• RECORD SET:
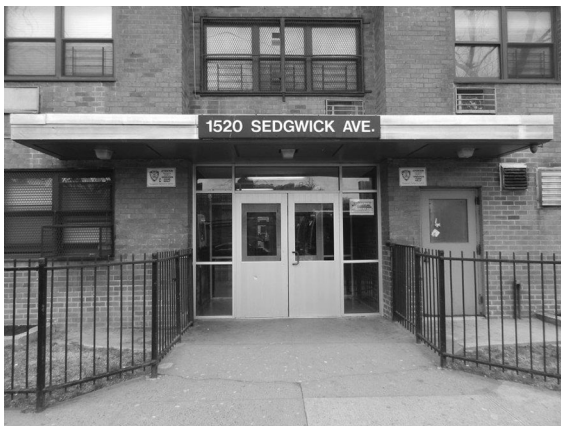
Fig. 1 1520 Sedgwick Avenue apartments in the Bronx

Avenue apartments (Fig. 1) in August, 1973 (Kosonovich 2014: 53–54). According to Tricia Rose (1994), hip hop culture, which encompassed fashion, break dancing, graffiti art, and rapping, “attempts to negotiate the experiences of marginalization, brutally truncated opportunity, and oppression within the cultural imperatives of African American and Caribbean history, identity, and community” (Rose 1994: 21). The origin of rap was born from fusing African, Caribbean, and African American traditions to express modern inner city experiences.
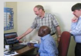
University of Namibia
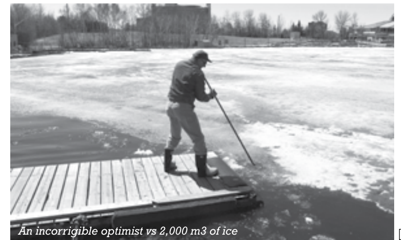
An incorrigible optimist vs 2,000 m3 of ice
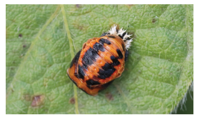
Figure 3. The pupal stage of the lady beetle.

The third life stage of the lady beetle is its pupal form (Figure 3). This stage is stationary, with the pupa typically being attached to plant surfaces, near pest populations. During the pupal stage, the lady beetle will undergo transformation into an adult beetle. The pupa is often orange with black markings. When the adult is fully formed within the pupal casing, it will emerge, leaving the empty pupal case behind, still attached to the plant surface.
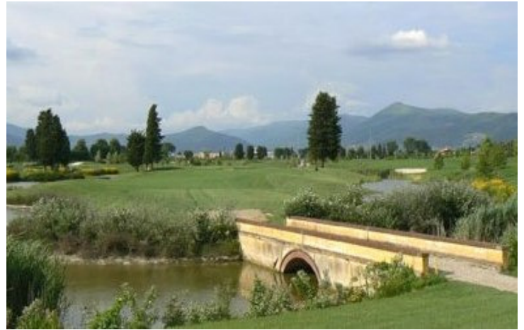
Tuscan bridges to the fairway

The nearby town of Pistoia is renowned for its street markets and its picturesque market square and will give the non-golfers one last chance to experience and enjoy the Italian experience.
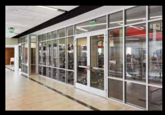
60-minute vision doors and curtainwall

When the University of Utah joined the PAC-12 in June 2010, the need to keep pace with other "big-time" conference schools was magnified. First, the university would have to upgrade its athletic facilities in addition to building other new world-class, state-of-the-art facilities as a way of bolstering the collective image of the entire 1,530 acre campus.
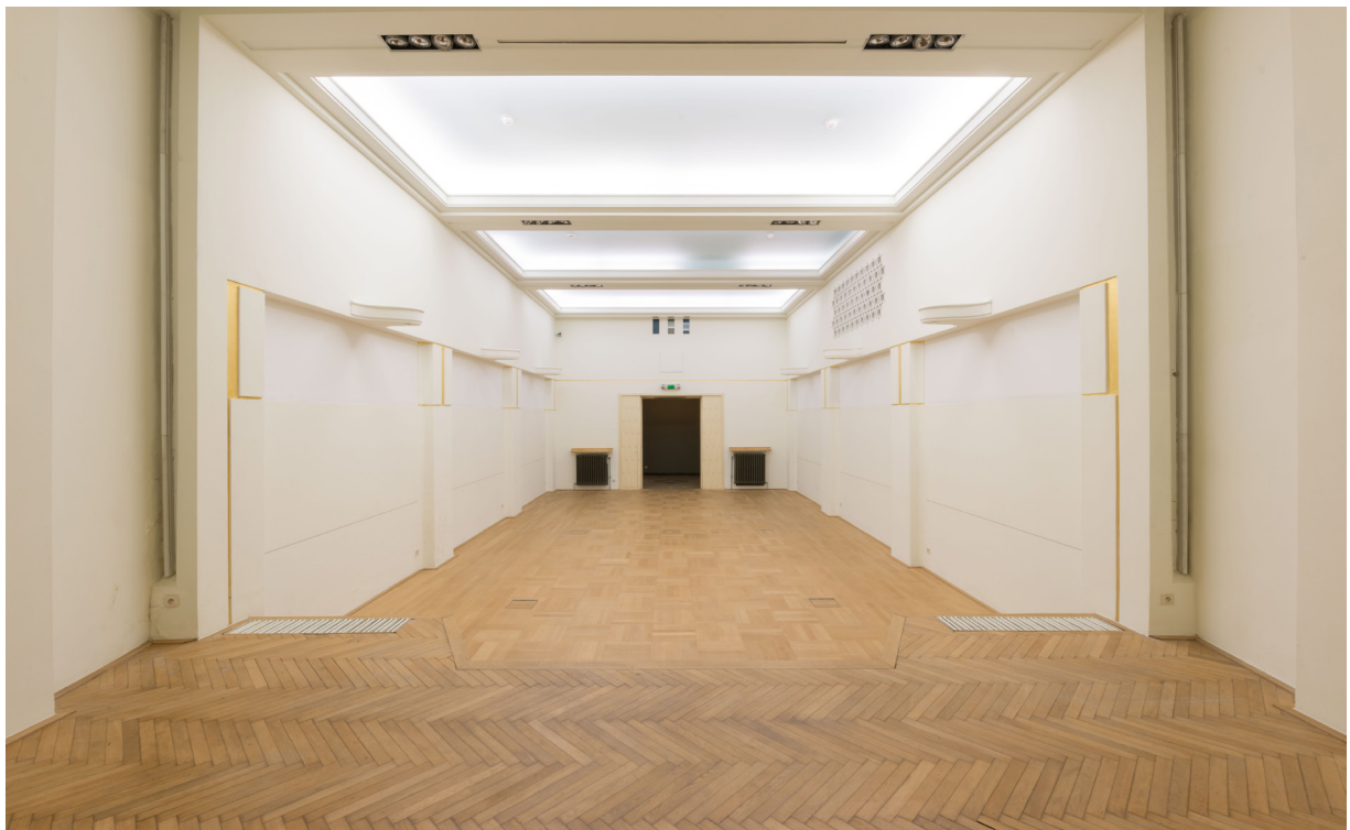
Views of the temple, ground floor
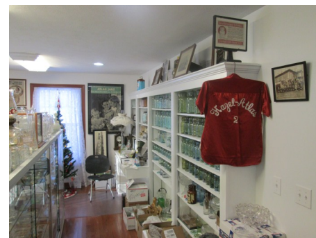
The perimeter of the display room is wall-to-wall white shelves full of Atlas jars; an old-time company baseball jersey hangs on one end
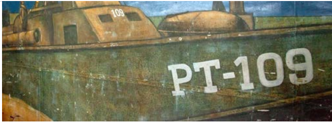
Kennedy's part in the war is commemorated at the PT-109 Bar, Gizo.

Kennedy Island lies 15 minutes by boat from Gizo, the capital of the Solomons' Western province.
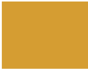
Yellow Ochre 844 • A Lightfastness: ***
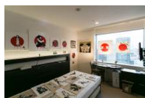
6209 GALLERY KAWAMATSU
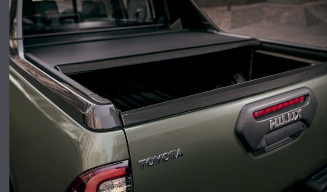
AUTOMATIC TONNEAU ROLLER SHUTTER*
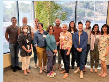
New Patient Care Volunteer Trainees.
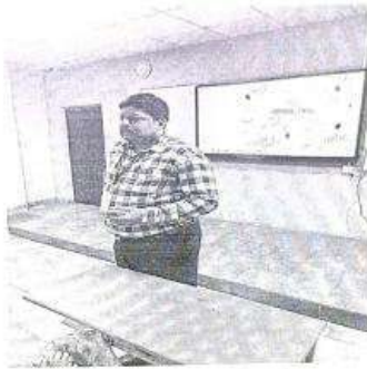
Pic 2: Speaker for the day
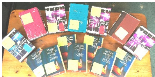
Bibles and handbooks to the bible for pupils leaving Dunmanway Model School this year.

It is a tradition in Fanlobbus Union that we
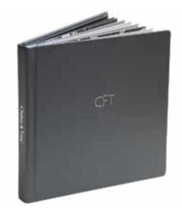
shown with Spine & Monogram Imprinting
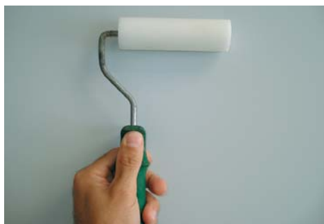
Use a varnish roller to apply FIX-CERA .
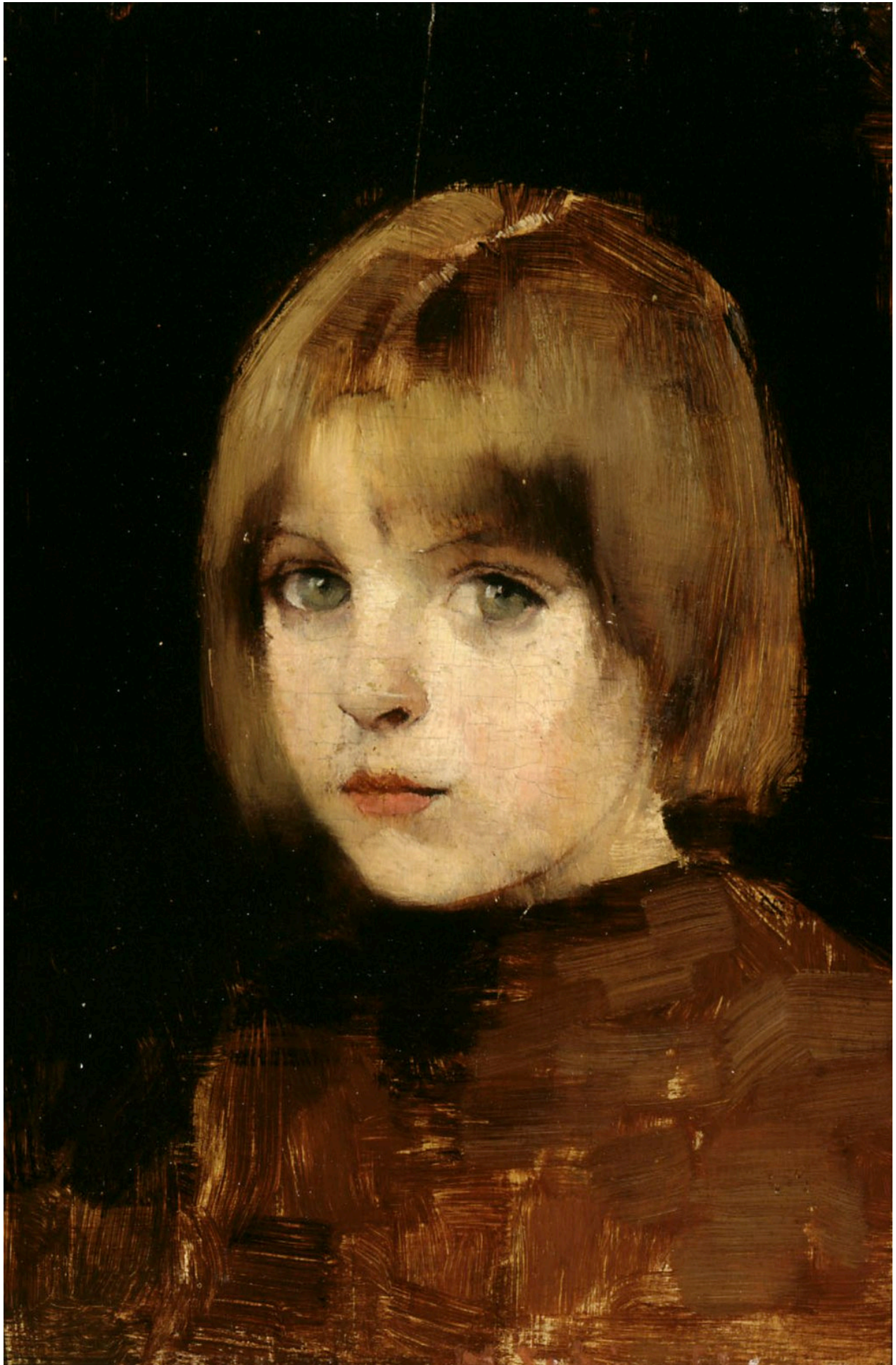
Portrait of a Girl, 1885
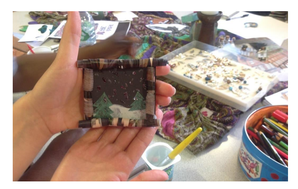
Figure 24: A finished artwork, FWT: A Centre for Women.
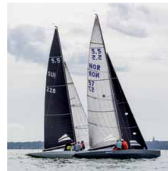
ARTEMIS XIV AND MARIE-FRANÇOISE XIX BATTLE FOR THE SCANDINAVIAN GOLD CUP

The conditions were in complete contrast to the previous day with sunshine, and
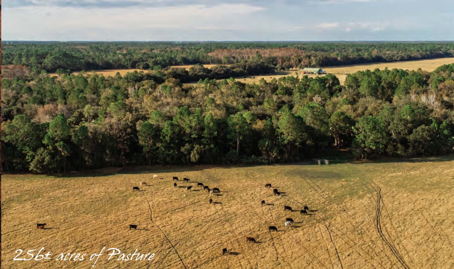
256± acres of Pasture
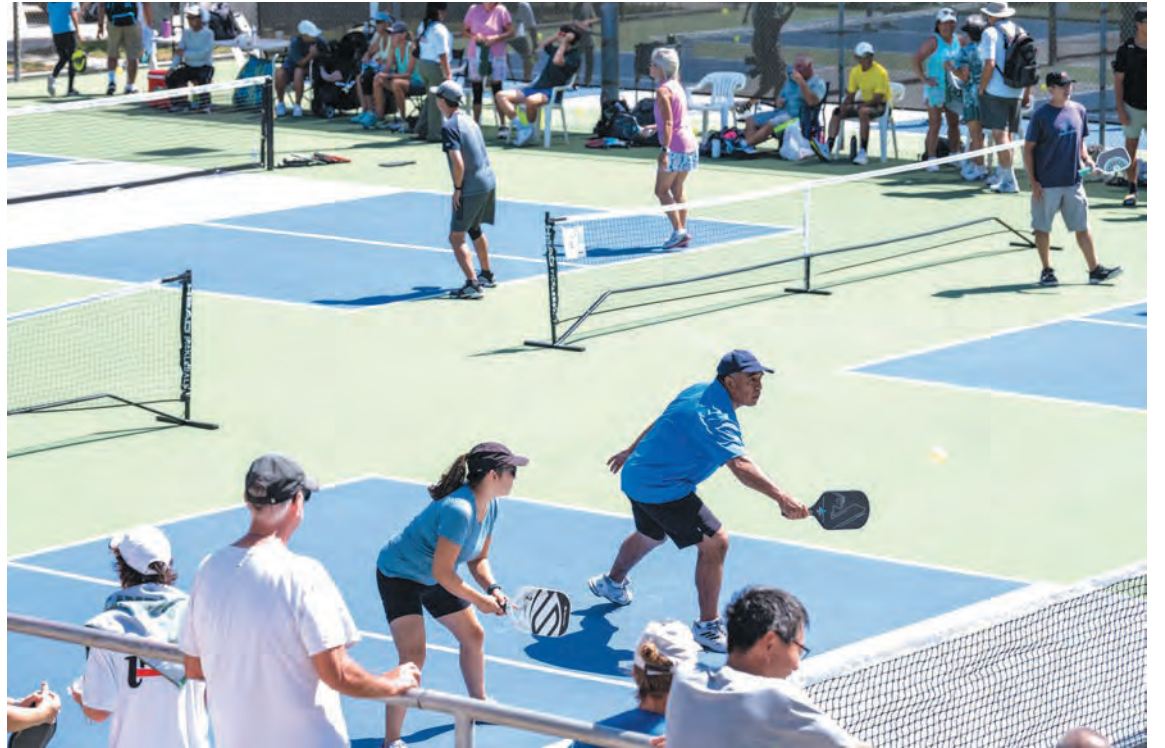
ZERO-ZERO-TWO: Area residents playing on the new Pickleball courts at Don Knabe Park. Attendees were treated to coffee and doughnuts and free play with lessons.
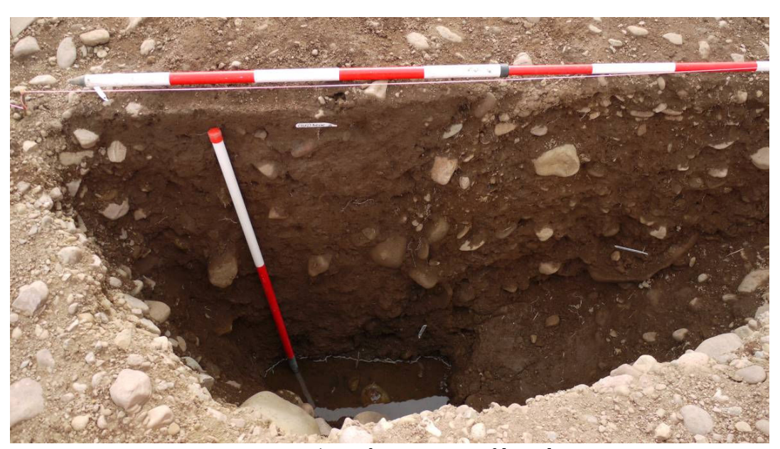
Figure 7: Northeast facing section of [5518]

Posthole [5518] was bisected by fairly shallow modern drainage feature [5520] (see below). This ramped posthole measured some 1.6m by 1.05m, with maximum depth of 1.2m. The upper fill of the ramp on the NW side of the feature (5662) was medium orange-brown sandy silt, with gravel and infrequent stone inclusions, as well as several pink clay lenses, as in the ramp fill of [5538]. The lower ramp fill (5672) was darker orange-brown sandy silt, also with gravel and infrequent stone inclusions, though also had charcoal inclusions towards the bottom of the context. Within this charcoal was a single example of a charred nutshell. The postpipe (5572) was a very homogenous dark brown silt fill, with charcoal inclusions towards the bottom of the context.
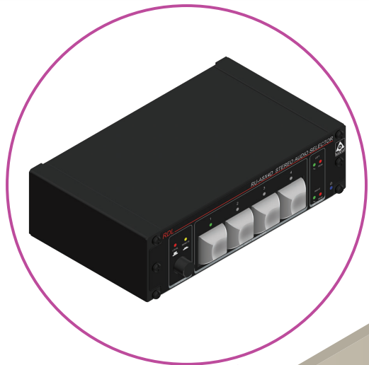
RU-ASX4D Stereo Audio Input Selector

Local Momentary Pushbuttons Provide Silent Soft-Switching of Four Consumer Audio Sources
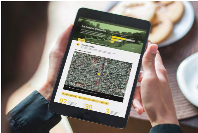
Figure 3: BA Climate Action
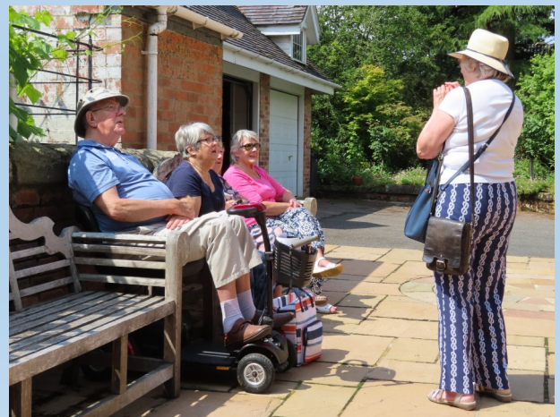
Now I'm going to tell you a story
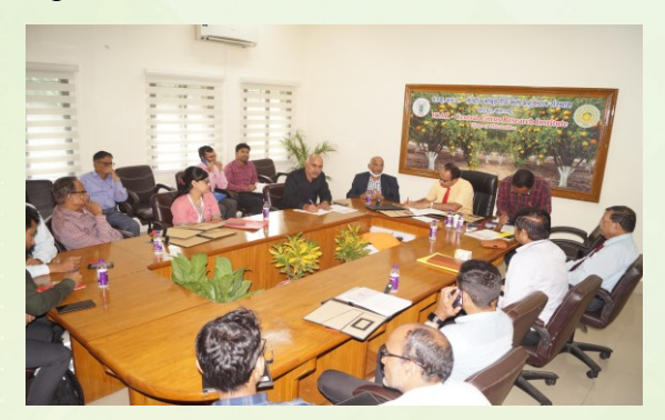
MoU signing with 7 Hospitals

Signed MoU with seven CGHS approved hospitals of Nagpur (Avanti Hospital, Ganga Care Hospital, KIMS Kingsway Hospital, Meditrina Institute of Medical Sciences, RNH Hospital, Viveka Super Speciality Hospital and Wockhardt Super Speciality Hospital) for providing the cashless medical facility to employees (both serving and retired) of Nagpur based ICAR institutes / regional station on 27<sup>th</sup> September, 2022.
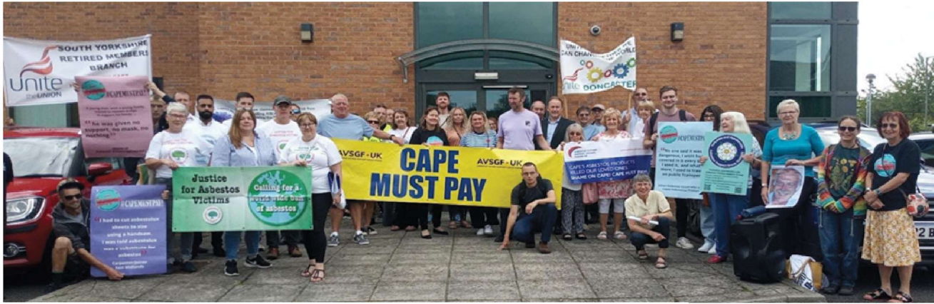
Photo taken alongside Unite's South Yorkshire retired members branch during the 'Cape Must Pay Campaign'. The campaign demands that the Cape Corporation should pay towards the cost of achieving justice for the victims. More on the campaign here: www.asbestosforum.org.uk/cape-case/
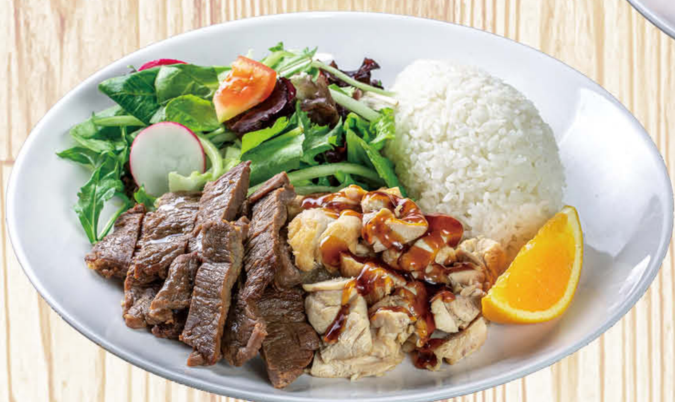
Chicken Beef Plate $17.43
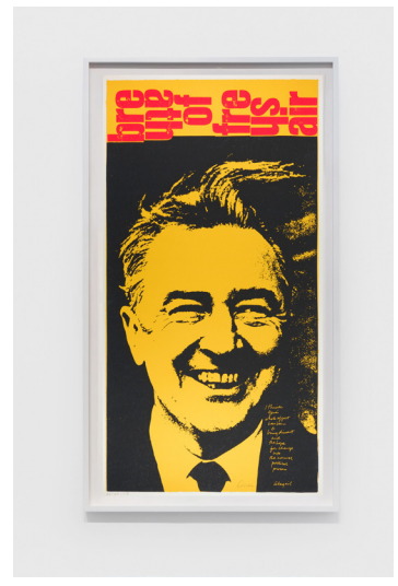
CORITA KENT a breath of fresh air, 1969

Screenprint 22 ½ × 11 ½ in (57.2 x 29.2 cm) (CK21-017)
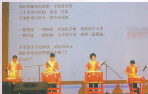
SAME聯校音樂表演 Joint School Music Performance by SAME Network

• BRIEF: Could you write out exactly the lines of the data above that run from the one holding "University of Namibia" to the one holding "Tuscan bridges to the fairway", with both ends in and all pictures out?

• PROBLEM SOLUTION:
University of Namibia
An incorrigible optimist vs 2,000 m3 of ice
Figure 3. The pupal stage of the lady beetle.

The third life stage of the lady beetle is its pupal form (Figure 3). This stage is stationary, with the pupa typically being attached to plant surfaces, near pest populations. During the pupal stage, the lady beetle will undergo transformation into an adult beetle. The pupa is often orange with black markings. When the adult is fully formed within the pupal casing, it will emerge, leaving the empty pupal case behind, still attached to the plant surface.
Tuscan bridges to the fairway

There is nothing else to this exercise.